Animals can help relieve stress in nearly every situation

By Kayla Lemay

Comment Staff

Rocky plays dead while students, and his dog friend Sadie, look on.
Rocky plays dead while students, and his dog friend Sadie, look on.

If you ask students who have a pet at home, they would tell you that seeing their pet’s excitement whenever they visit is heartwarming and happy.

A lot of people even agree that spending quality time with their pets helps them feel a sense of security and relaxation.

Animals have been studied time and time again when it comes to their stress-relieving abilities.

Getting attacked with kisses from your adorable dog, whether they are a giant St. Bernard or a tiny little Chihuahua, is something that nearly everybody enjoys. And hearing your cat’s purrs as he or she curls up next to you will give somebody a warm and fuzzy feeling inside.

Even those with unorthodox pets such as snakes may feel a sense of comfort when their little reptile curls around them. Those who spend their time with horses also feel that the weight of the world they were feeling will slip away when they spend time with their friendly companions.
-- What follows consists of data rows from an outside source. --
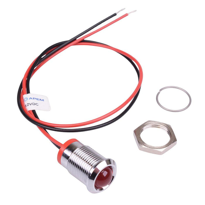 The Q14P7CXXR12-X0012 is a red panel mount LED indicator from the APEM Q14 series, featuring a 14mm cut-out. The indicator features a prominent chrome bezel and 300mm tail wires. The panel indicator is UL certified and suitable for the most demanding of applications.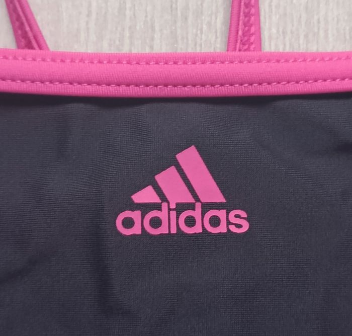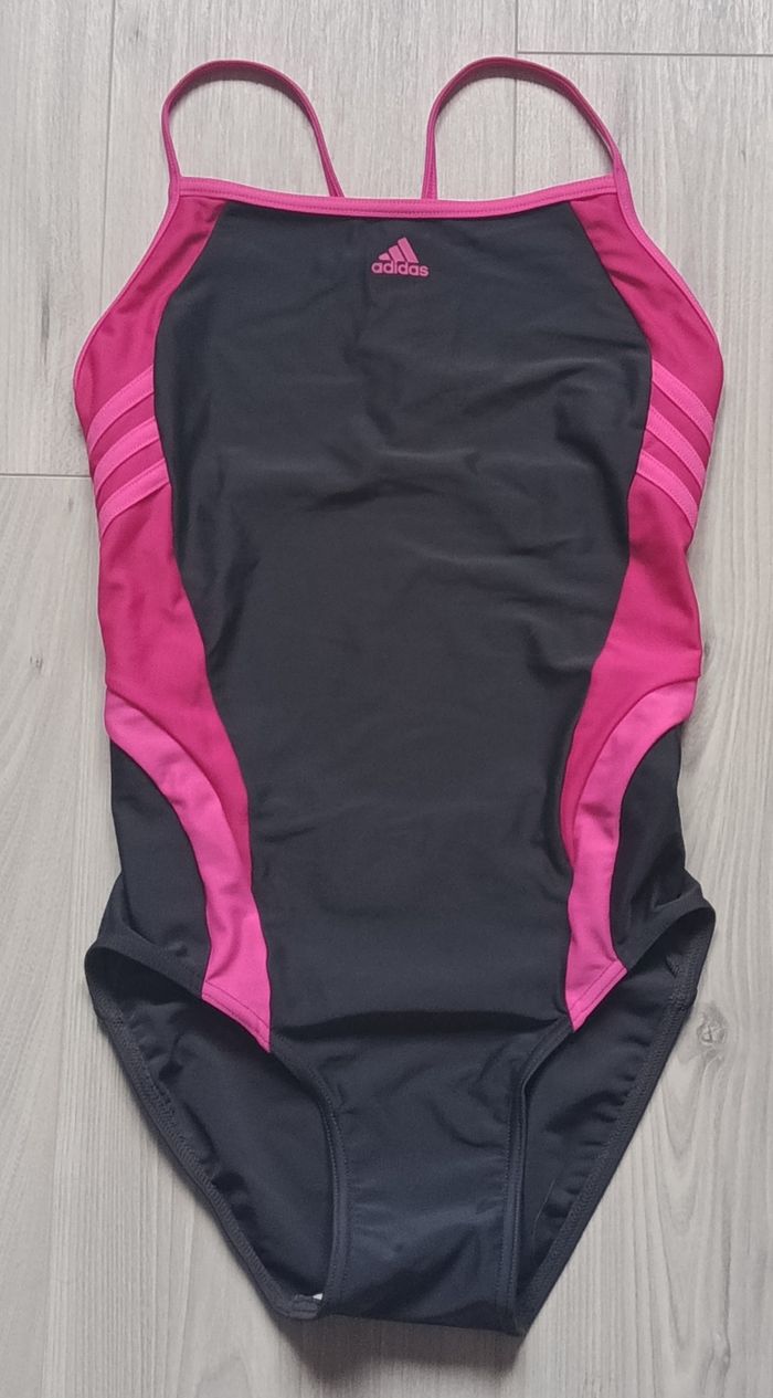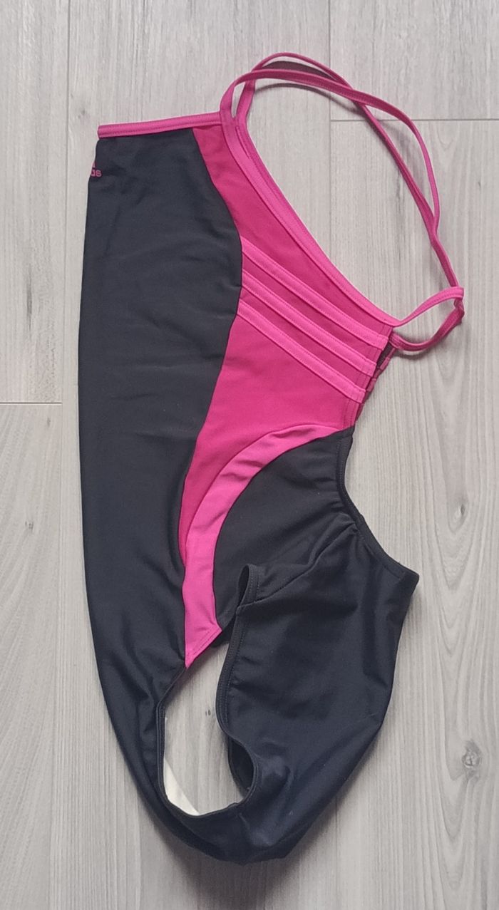 Maillot de bain une pièce de couleurs noire et rose fushia. Fines bretelles. Dos très dégagé. Côtés avec bandes roses sur fond plus foncé. Marque Adidas. Taille 14 ans. Peu porté. En très bon état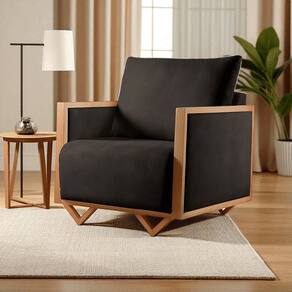 Poltrona para Sala de Estar Madeira Maciça Lara Luxo Preto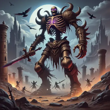 外观:骨骼战士通常被描绘为人类或类人骷髅,身披古老铠甲,手持各种武器,如剑、斧头或长矛。他们的骨骼可能散发出幽灵般的光芒,增强其超自然的气质。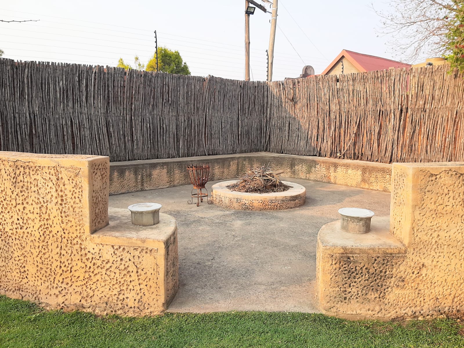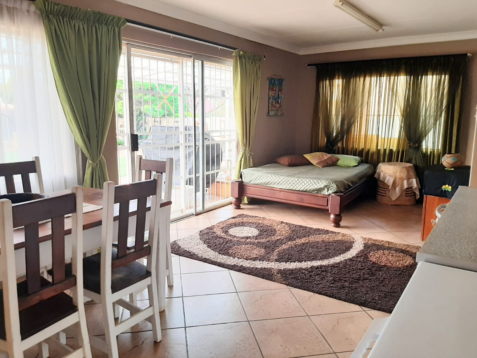 Outdoor features include a built-in braai with a seating area, a boma for fireside gatherings, and a greenhouse with a sprinkling system. Parking is well catered for with a double carport that can accommodate a caravan and two cars, along with two additional shade-net covered bays. Security features include an electric fence and burglar bars, and the property is equipped with prepaid electricity, a borehole, and a water tank.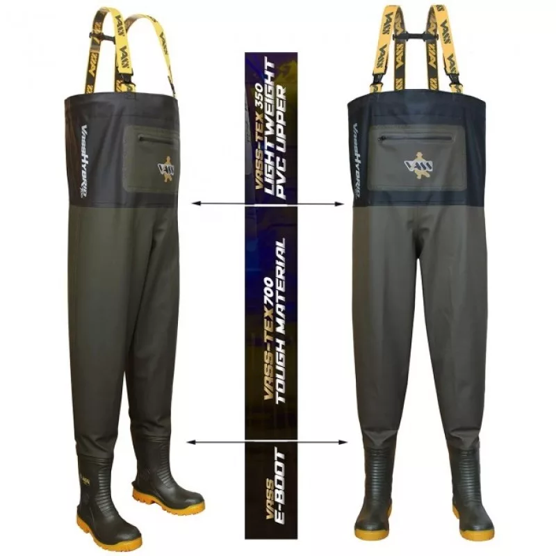 Velký důraz byl kladen také na praktičnost: k dispozici je vnější náprsní kapsa na zip a vnitřní kapsa, aby nejdůležitější drobnosti byly vždy po ruce a v bezpečí. Vnitřní náprsní kapsa je nastavitelná stahovací šňůrkou a zarážkami, takže dokonale padne na tělo. U nohou zajišťují stabilitu a bezpečnou chůzi odolné a vynikající přilnavé boty 'Vass E Boot' i na kluzkém, nerovném terénu, ať už jde o bláto nebo skalnaté dno.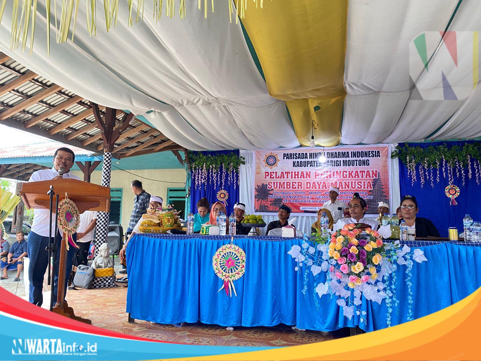 PARIGI MOUTONG, WARTAINFO.ID — Sebuah langkah strategis diambil Parisada Hindu Dharma Indonesia (PHDI) Kabupaten Parigi Moutong untuk meningkatkan kualitas pelayanan keagamaan di tingkat akar rumput. Bekerja sama dengan Pembimas Hindu Provinsi Sulawesi Tengah dan Penyelenggara Hindu Kabupaten Parigi Moutong, PHDI menggelar pelatihan peningkatan Sumber Daya Manusia (SDM) bagi para Jro, Mangku, dan Srati, Sabtu (6/7/2024), di Kecamatan Mepanga.

How is it that a four-legged creature, or no-legged in the case of some pets, have such an effect over us? How could an animal that was once used only to serve us in the case of hunting, pest control, or transportation could turn into an animal that we use simply for companionship?
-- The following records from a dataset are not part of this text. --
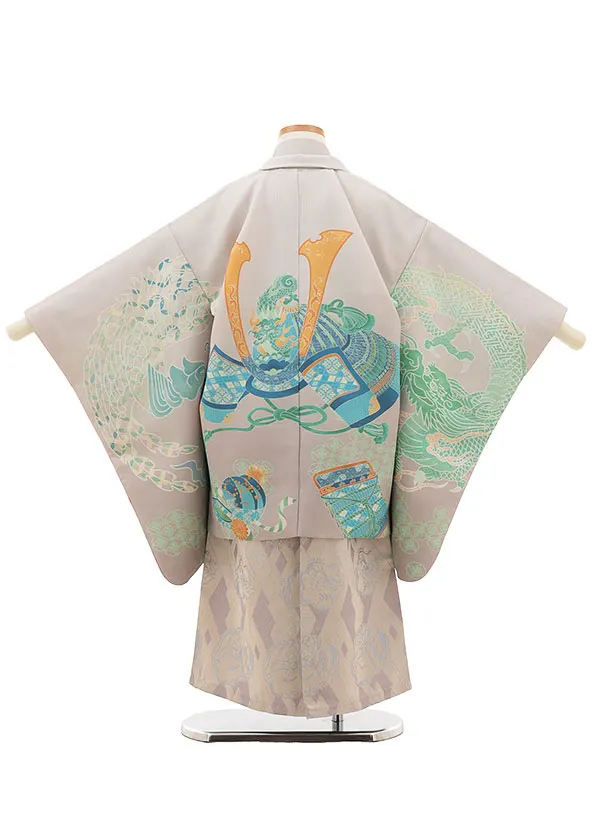 かんたん七五三(5歳男袴)X397 パープルグレー龍兜×アイボリーパープル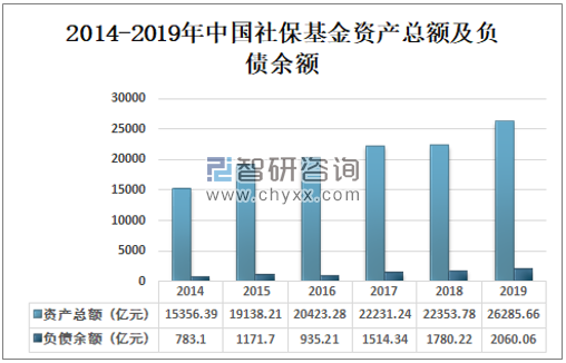 近年来,中国社保基金规模以较高的速度逐年增长。其中,养老、医疗、失业、工伤、生育5项社会保险基金收入每年递增在20%以上。2019年中国社保基金资产总额为26285.66亿元,较2018年增加了3931.88亿元;2019年中国社保基金负债余额为2060.06亿元,较2018年增加了279.84亿元。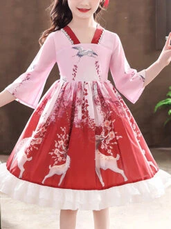 Elegant Chinese Style Classical Printing Children Classic Lolita Kids Half Sleeve Dress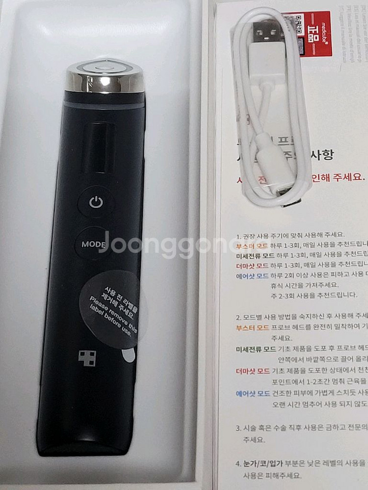 메디큐브 에이지알 부스터 프로 풀박스입니다 2025/7월 구매 3~4번 사용 닦으면서 깨끗이 사용했어요. -피부 속 탄력 개선에 도움을 줍니다. -4가지 모드(부스터, 미세전류, 더마샷, 에어샷)로 피부 고민에 맞춤 케어가 가능합니다. -피부 속 광채, 탄력, 모공, 피부결, 진피 치밀도 개선에 도움을 줍니다. 풀박스 구성 그대로 드립니다.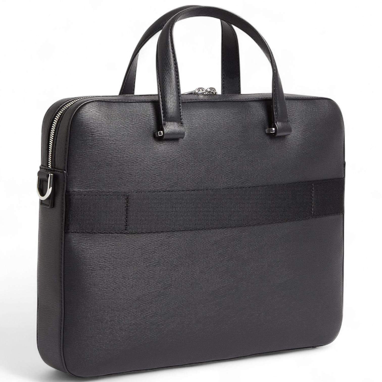تفتح السحّابة المعدنية القوية بانزلاق سلس لتكشف عن حجرة داخلية مبطّنة بعناية، تحفظ جهاز اللابتوب والملفات والأوراق المهمة بأمان. في الداخل جيوب منظمة لأقلامك ومحفظتك وهاتفك، لتجد كل شيء في مكانه لحظة احتياجه. أما الظهر فيأتي بحزام تمرير عريض يثبّت الحقيبة على مقبض حقيبة السفر، لتتحول رحلات العمل إلى تجربة أكثر خفة وسلاسة. الحواف المدورة تمنح التصميم طابعاً متوازناً بين الصرامة والفخامة، وتضيف حماية عملية من الصدمات اليومية.

Coady Egan, a junior at Bridgewater State University majoring in Cultural Anthropology, partners with Bridgewater State University’s Outreach Education at the end of each semester to bring her two dogs, Rocky and Sadie, to campus to help students with stress from finals.

Egan and her mother, Susan, are both handlers of Rocky, a 12-year-old Bichon Frise mix, and Sadie, a seven-year-old Petit Basset Griffon Vendeen. They are registered through Dog B.O.N.E.S (Building Opportunities for Nurturing and Emotional Support) of Massachusetts.
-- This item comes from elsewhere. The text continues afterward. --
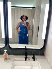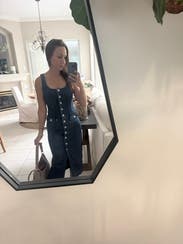 flattering fit, really good thick denim quality. seriously considered purchasing it! it’s great to pair with sneakers or sandals. also like that you don’t need to unbutton all the buttons to use the restroom. i sized up to wear during my 2nd/3rd trimester

“I feel that the dogs can help with finals stress because it allows the students to connect on a different level than just hanging out with people,” Egan said. “Dogs are a non-judgmental source of comfort and won’t remind you of the impending exams and essays students have to write.”

Of course, stresses in life aren’t just about final exams and a never-ending stream of papers. Real-world events can bring us down just as easily.

When the Boston Marathon bombings happened a little more than one year ago, the emotional toll on everyone in the community was almost as bad as the physical one. Egan and her two dogs were among the many called to help out the community.

“We were invited to Saks 5th Avenue in Boston. Many of the employees were younger and absolutely devastated after the bombing,” Egan said. “So, we were able to bring some joy into their store by walking through the aisles and visiting the employees. Everyone there was so appreciative that we had come in.”

Not only do pets help with psychological well-being, but Harvard University’s Health Blog said, “Pets have been shown to lower blood pressure, improve recovery from heart disease, and even reduce rates of asthma and allergy in children who grow up with a Fido or a Frisky in the house.”

Pets may be a serious responsibility, but the investment is well worth it when you can come home to a fantastic pet that’s excited to see you.

Even if you don’t have a pet here at school, Outreach Education brings these therapy dogs in during finals to help. Just spending even a few minutes with one of these friendly, loving animals will make you feel a world of a difference.

“When the students visit the dogs, it’s great to see the smiles on their faces when they spend a few minutes with such happy dogs,” Egan said.